Rule of 2 and 4
Also known as: rule of 2 and 4, 2 and 4 rule, rule of two and four
A fast mental shortcut: multiply outs by 2 for one card to come, by 4 for two cards, to estimate draw equity.
The Rule of 2 and 4 converts outs into an approximate equity percentage without exact combinatorics:
- ×2 per card to come: outs from flop to turn, or turn to river.
- ×4 when you'll see both turn and river (all-in on the flop).
The ×2 multiplier is very accurate because one card is drawn from ~47 unseen (\(\tfrac{\text{outs}}{47}\approx \text{outs}\times 0.0213\), close to ×2). The ×4 version overcounts because it double-counts cards that hit on both streets. The fix: for large draws (roughly 9 or more outs), subtract a few points, or use the tighter rule \((\text{outs}\times 4) - (\text{outs}-8)\). For 8 or fewer outs, ×4 is reliable.

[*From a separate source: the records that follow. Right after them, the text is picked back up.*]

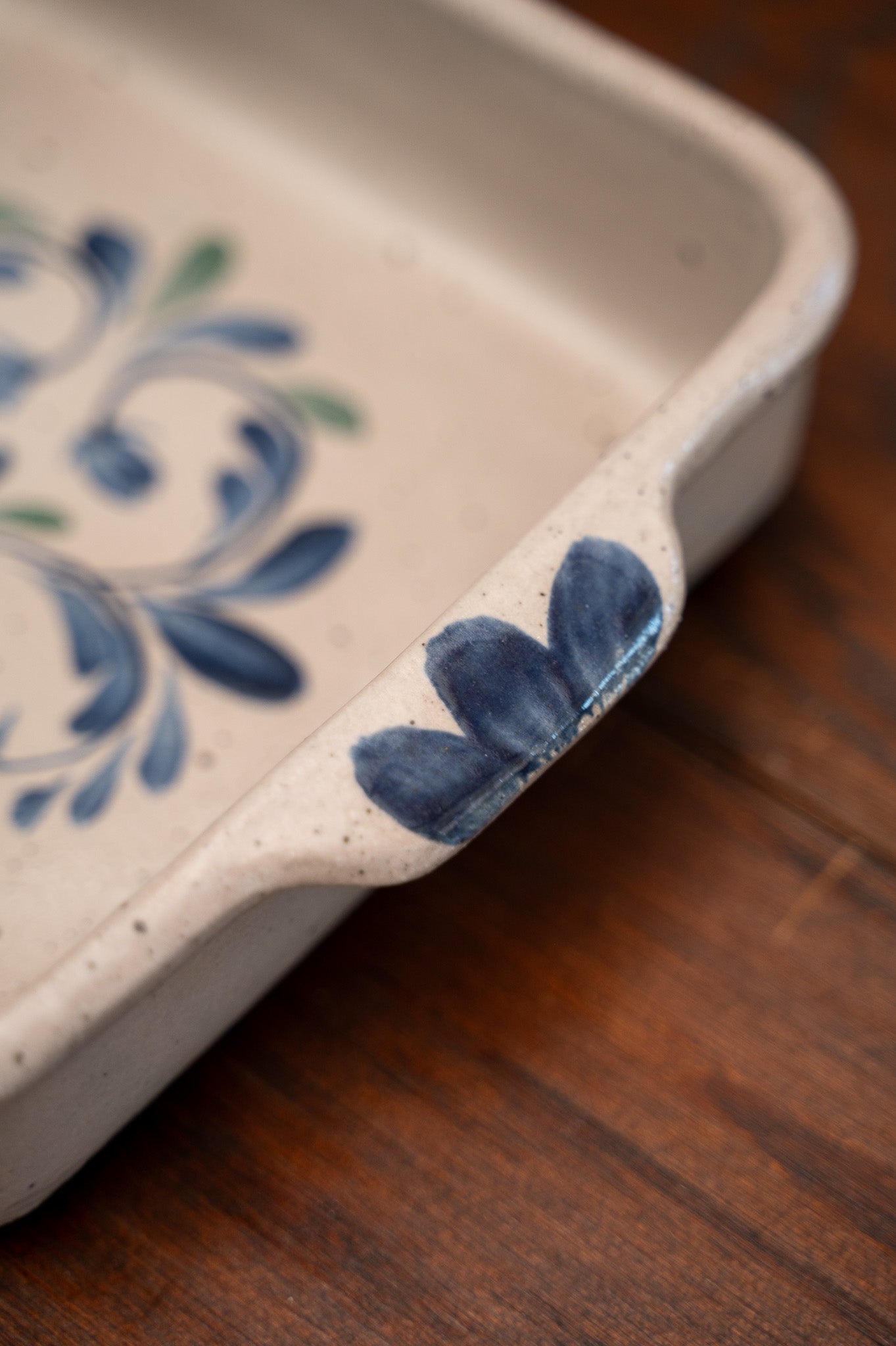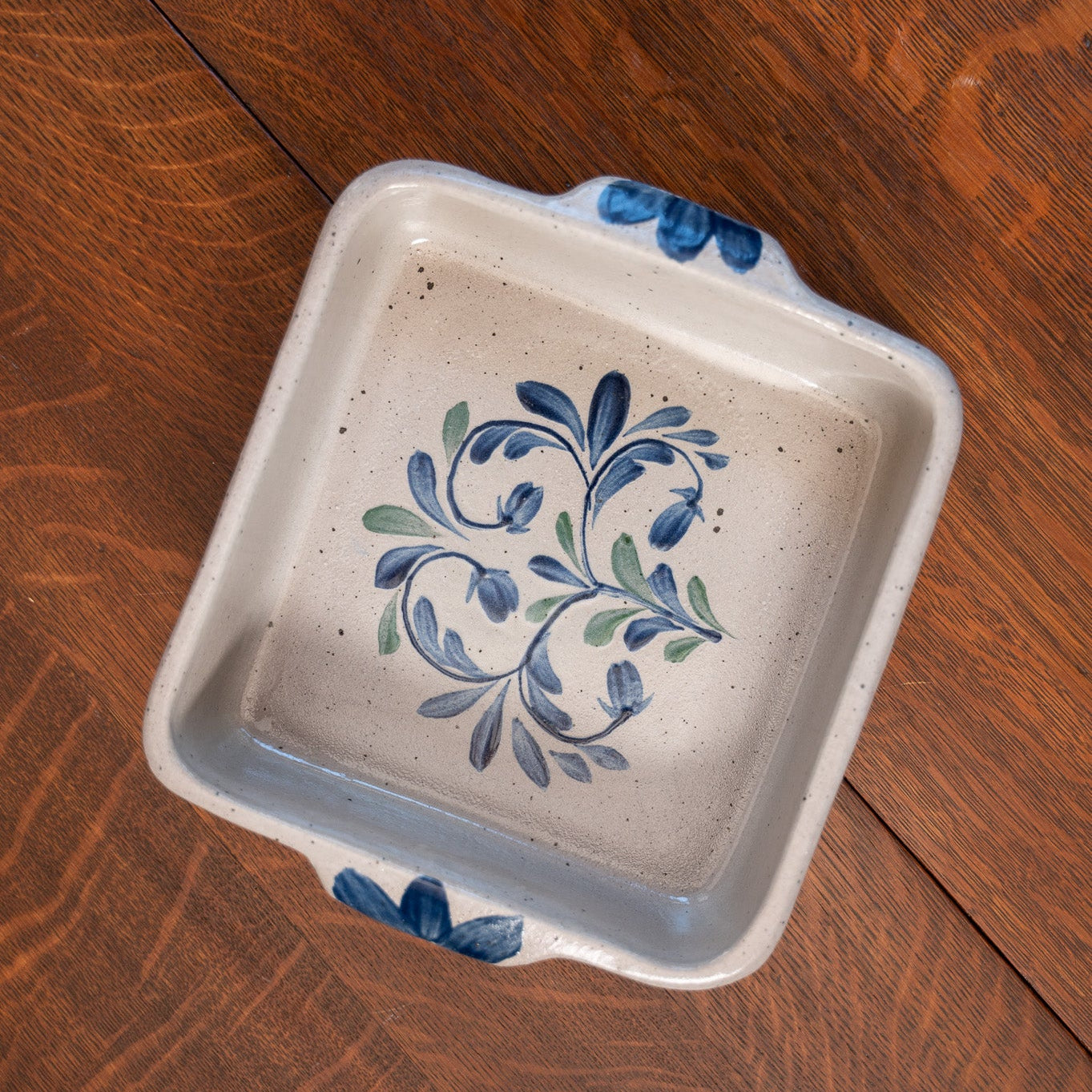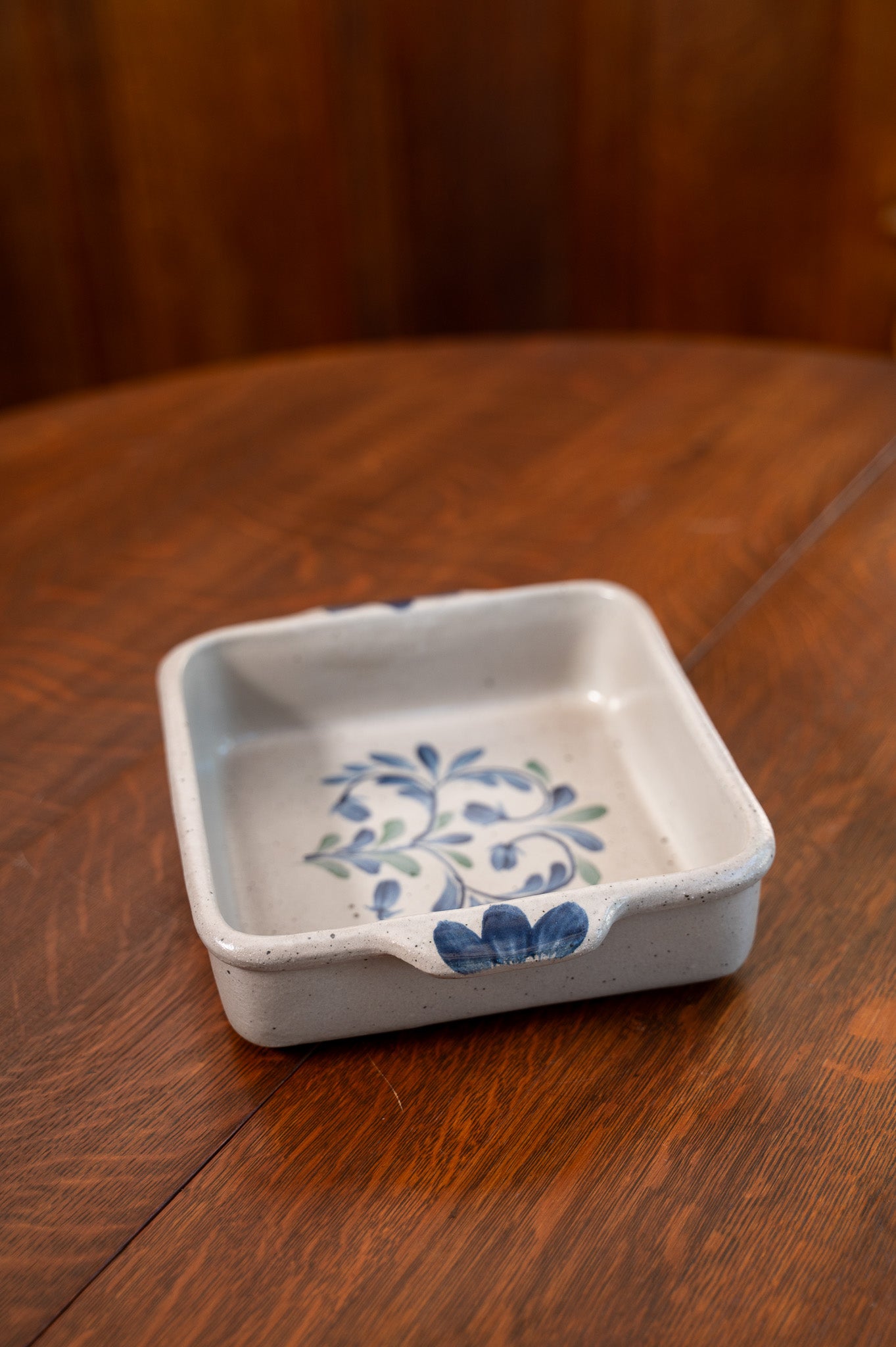 Enjoy an even bake for all your casseroles, bread doughs, dessert crumbles, and more in this gorgeous, hand-thrown stoneware vessel that presents beautifully from oven-to-table! Made by hand right down to the delicate cobalt blue floral detailing and fired in a creamy gray-hued glaze, this 8X8 casserole dish is non-stick, durable and made in the USA with heritage-worthy craftsmanship!
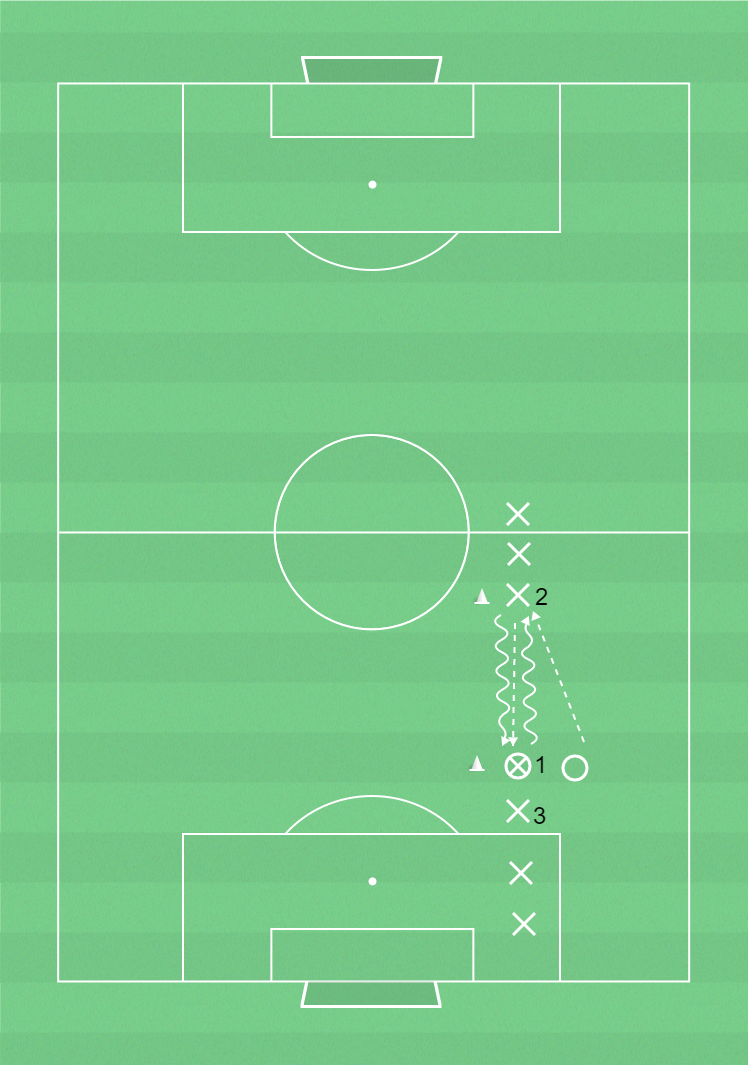 X1 driver bollen med maximal hastighet mot X2 samtidigt som O löper vid sidan om och försöker komma i kapp X1.
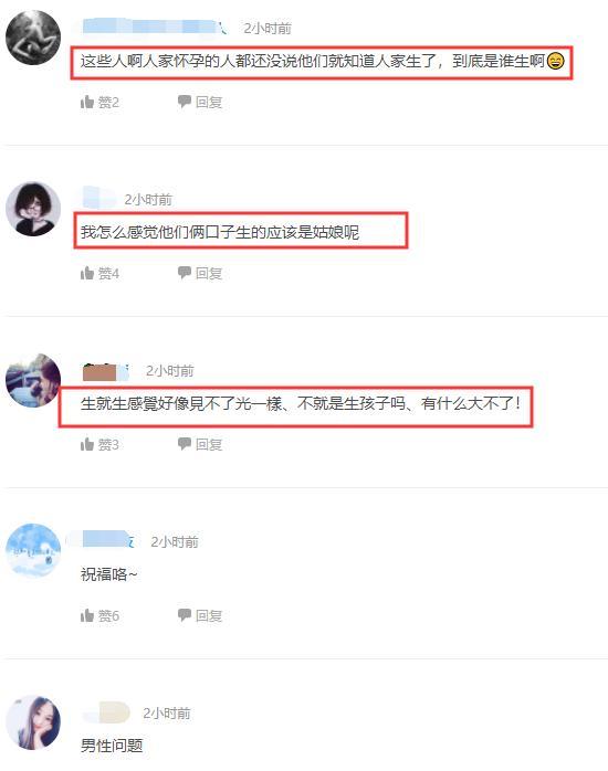 更多的人觉得非常意外:这些人啊,人家怀孕的人都还没说他们就知道人家生了,到底是谁生啊。我怎么感觉他们两口子生的应该是姑娘呢。生就生感觉好像见不了光一样、不就是生孩子吗、有什么大不了!

Use it live against pot odds: outs-to-equity, then check the price. It's an estimate, not a solver — fine for in-game decisions, but don't build thin river calls on the rounding error.
Example
Nine-out flush draw on the flop, all-in: ×4 gives \(9\times4=36\%\). The exact figure is about 35%, so the shortcut is spot on. A 15-out combo: raw ×4 gives 60%, but the cap correction \((15\times4)-(15-8)=60-7=53\%\) matches the true ~54% — without it you'd overpay.